- PROBLEM
Print the listing below exactly, minus its pictures.

- THE DATA
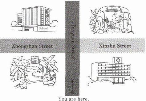 三、你学会怎么问路和指路了吗?请你结合以上录音,参考下面的地图,补全对话,和小伙伴们一起练习吧!
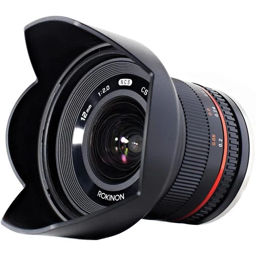 The black, Canon EF-M mount Rokinon 12mm f/2.0 NCS CS Lens is a prime wide-angle lens designed specifically for use with APS-C sized image sensors. Providing a 35mm-equivalent focal length of 19.2mm and a broad 98.9° angle of view, this lens is well-suited for architectural, interior, and landscape images. Its fast f/2.0 maximum aperture is further beneficial to working in low-light conditions.
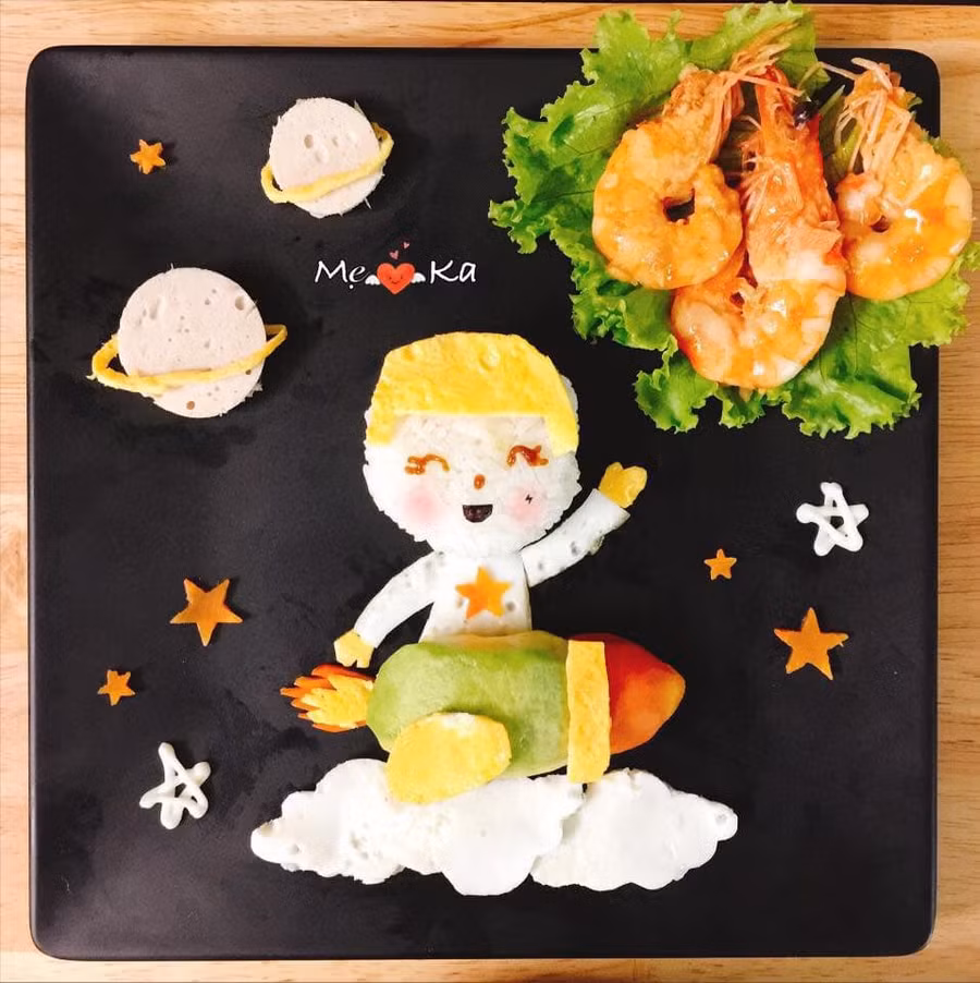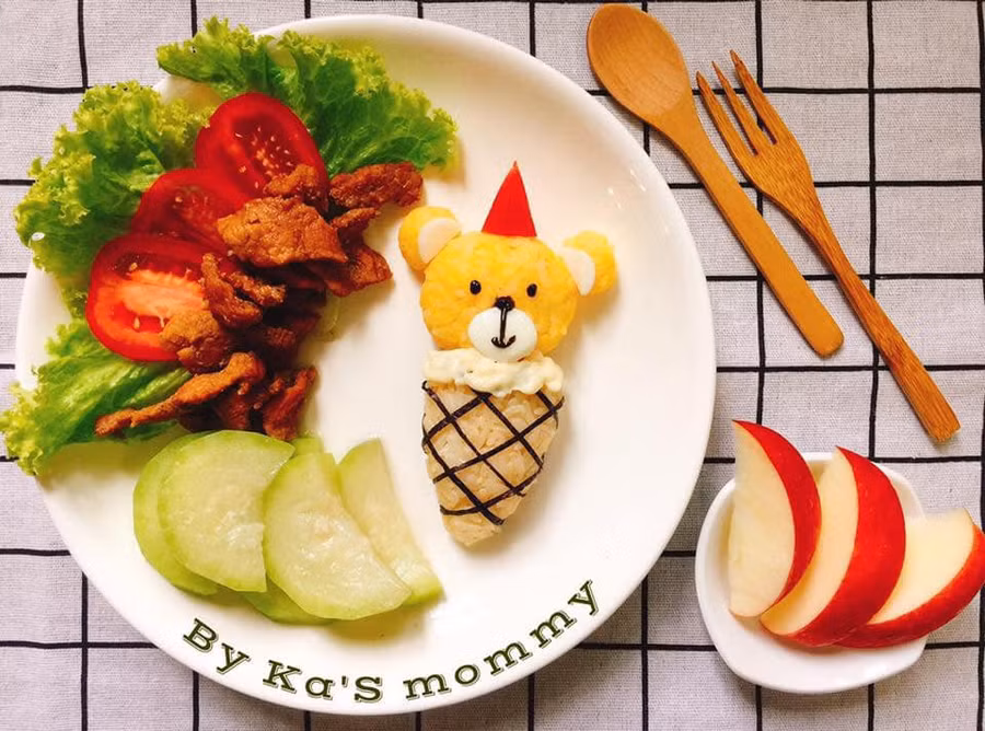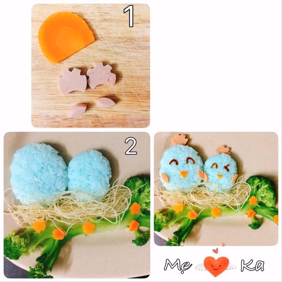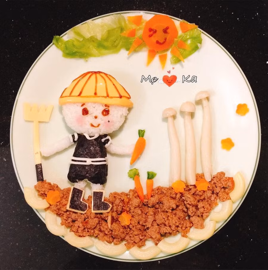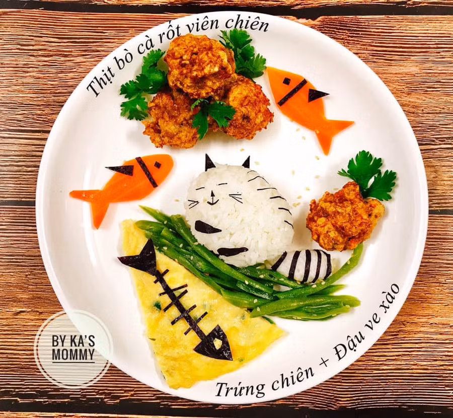 Mẹ bé Ka nói thêm: "Mình nghĩ khó nhất ở phần tạo hình cho cơm thôi, còn lại việc sắp xếp bối cảnh cho bữa ăn hoặc các đồ trang trí xung quanh sẽ phụ thuộc vào sự sáng tạo của mẹ và ý tưởng phong phú của bé. Các mẹ cũng có thể làm theo yêu cầu của bé để bé thêm hào hứng với bữa ăn".

- WRITTEN ANSWER
 三、你学会怎么问路和指路了吗?请你结合以上录音,参考下面的地图,补全对话,和小伙伴们一起练习吧!
 The black, Canon EF-M mount Rokinon 12mm f/2.0 NCS CS Lens is a prime wide-angle lens designed specifically for use with APS-C sized image sensors. Providing a 35mm-equivalent focal length of 19.2mm and a broad 98.9° angle of view, this lens is well-suited for architectural, interior, and landscape images. Its fast f/2.0 maximum aperture is further beneficial to working in low-light conditions.
 Mẹ bé Ka nói thêm: "Mình nghĩ khó nhất ở phần tạo hình cho cơm thôi, còn lại việc sắp xếp bối cảnh cho bữa ăn hoặc các đồ trang trí xung quanh sẽ phụ thuộc vào sự sáng tạo của mẹ và ý tưởng phong phú của bé. Các mẹ cũng có thể làm theo yêu cầu của bé để bé thêm hào hứng với bữa ăn".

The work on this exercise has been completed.